_Source records_

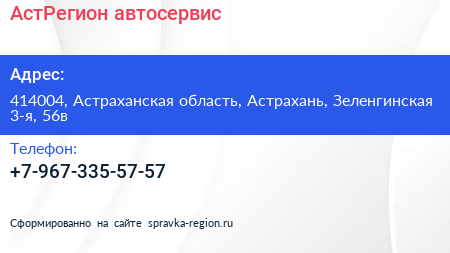 АстРегион, автосервис по адресу 414004, Астраханская область, Астрахань, Зеленгинская 3-я, 56в в дальнейшем Организация, размещена в следующих категориях:
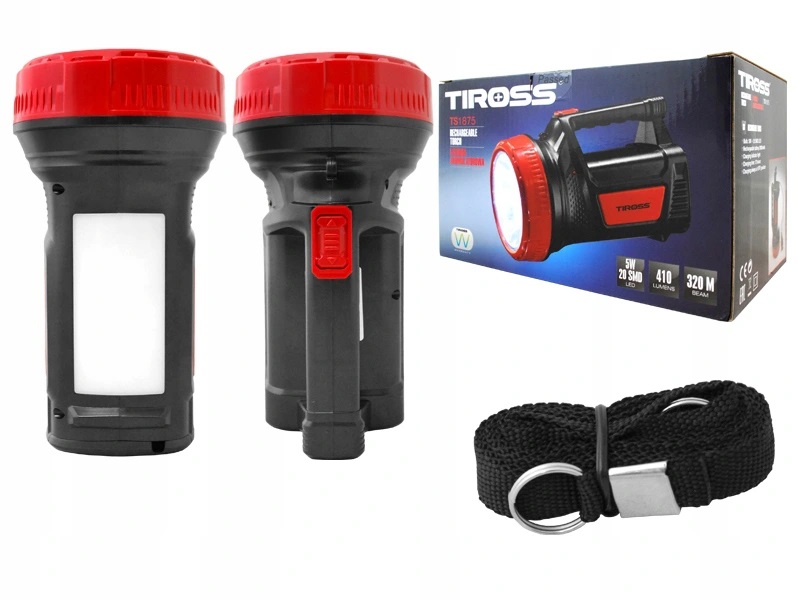 Tiross TS1875 to ekonomiczna 2-funkcyjna latarka akumulatorowa. Dzięki swojej 5W żarówce może pełnić rolę szperacza o zasięgu 320 metrów lub być stojącą lampą kempingową rozświetlającą przestrzeń do okoła przy pomocy 20 diod SMD LED. Poziom jasności rzędu 410 lumenów z pewnością zadowoli wymagających użytkowników. Te dwa przydatne tryby czynią z latarki urządzenie bardzo uniwersalne i przydatne w wielu sytuacjach.
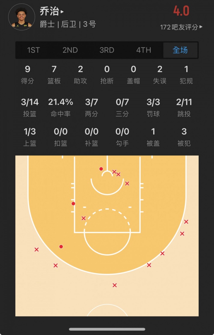 爵士16号秀 基昂特-乔治 出战28.0分钟
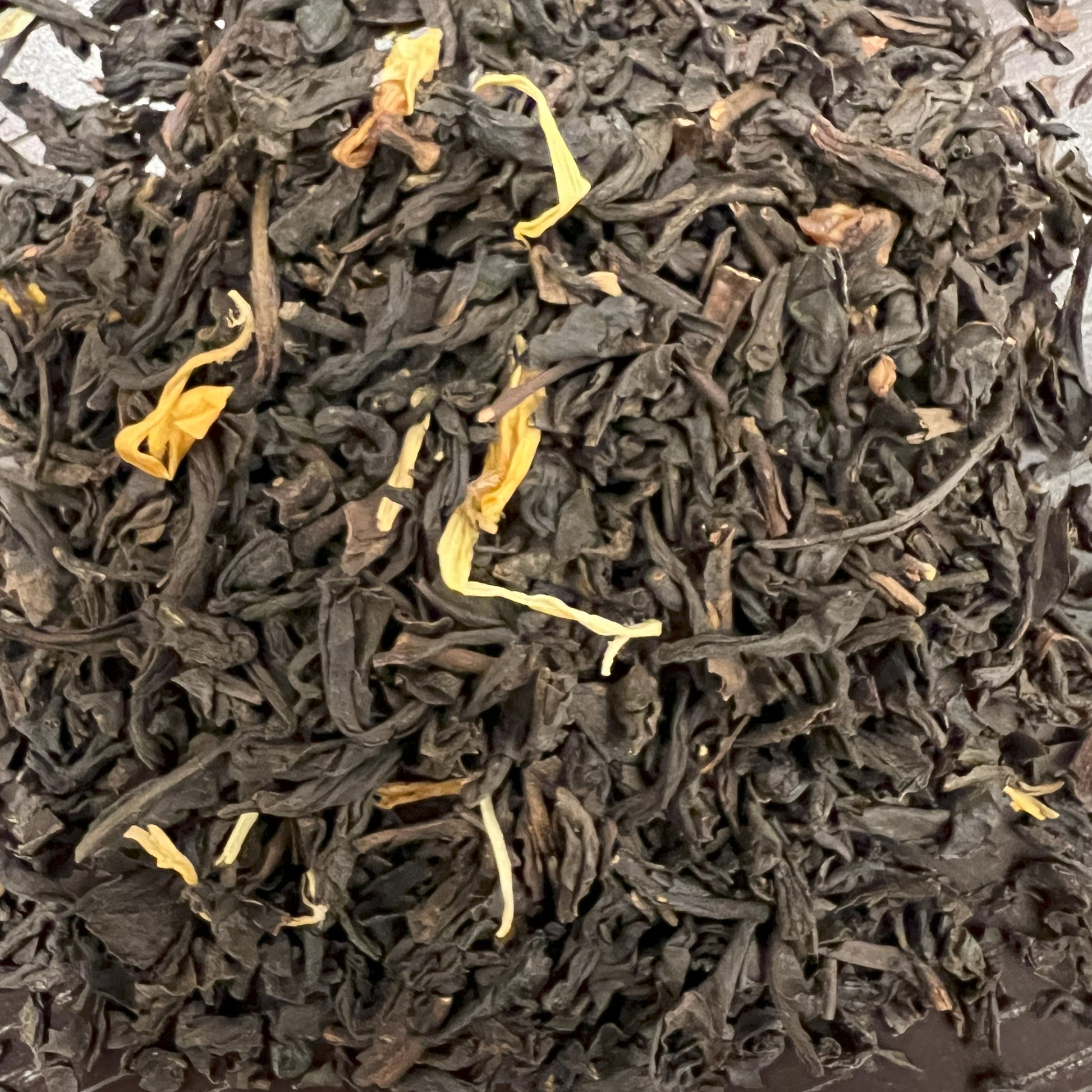 Un classico tra le miscele aromatizzate, tè nero cinese, pesca in pezzi, e fiori di calendula.
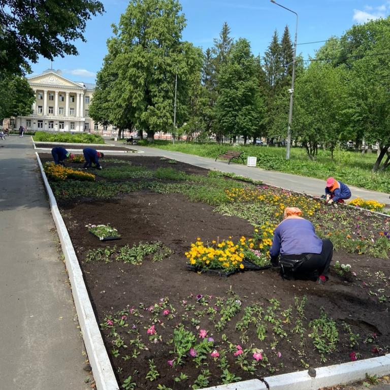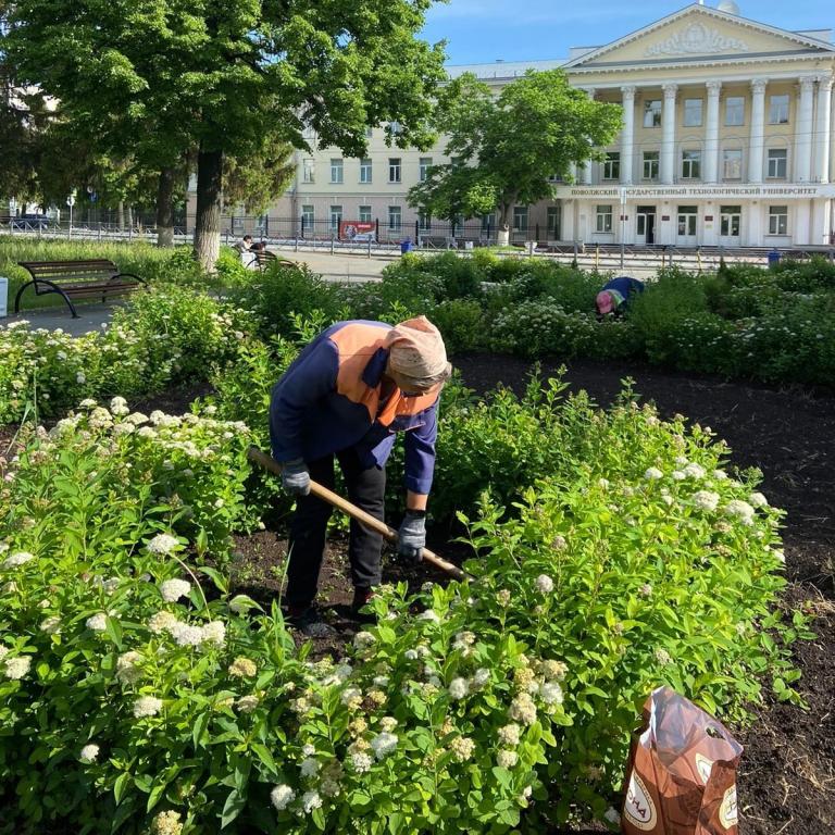 Сейчас завершаются посадочные работы в сквере Наты Бабушкиной. На бульваре Чавайна с участием студентов проходит прополка цветников.
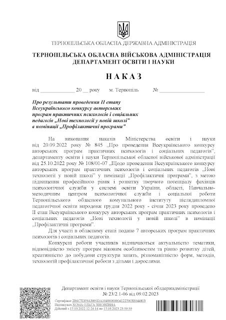Вітаємо переможців ІІ етапу Всеукраїнського конкурсу авторських програм "Нові технології у новій школі" в номінації "Профілактичні програми"

_PROBLEM TO WORK ON_
If a record holds a picture, drop the picture and return the rest of it exactly.

_SOLVED PROBLEM_
 АстРегион, автосервис по адресу 414004, Астраханская область, Астрахань, Зеленгинская 3-я, 56в в дальнейшем Организация, размещена в следующих категориях:
 Tiross TS1875 to ekonomiczna 2-funkcyjna latarka akumulatorowa. Dzięki swojej 5W żarówce może pełnić rolę szperacza o zasięgu 320 metrów lub być stojącą lampą kempingową rozświetlającą przestrzeń do okoła przy pomocy 20 diod SMD LED. Poziom jasności rzędu 410 lumenów z pewnością zadowoli wymagających użytkowników. Te dwa przydatne tryby czynią z latarki urządzenie bardzo uniwersalne i przydatne w wielu sytuacjach.
 爵士16号秀 基昂特-乔治 出战28.0分钟
 Un classico tra le miscele aromatizzate, tè nero cinese, pesca in pezzi, e fiori di calendula.
 Сейчас завершаются посадочные работы в сквере Наты Бабушкиной. На бульваре Чавайна с участием студентов проходит прополка цветников.
Вітаємо переможців ІІ етапу Всеукраїнського конкурсу авторських програм "Нові технології у новій школі" в номінації "Профілактичні програми"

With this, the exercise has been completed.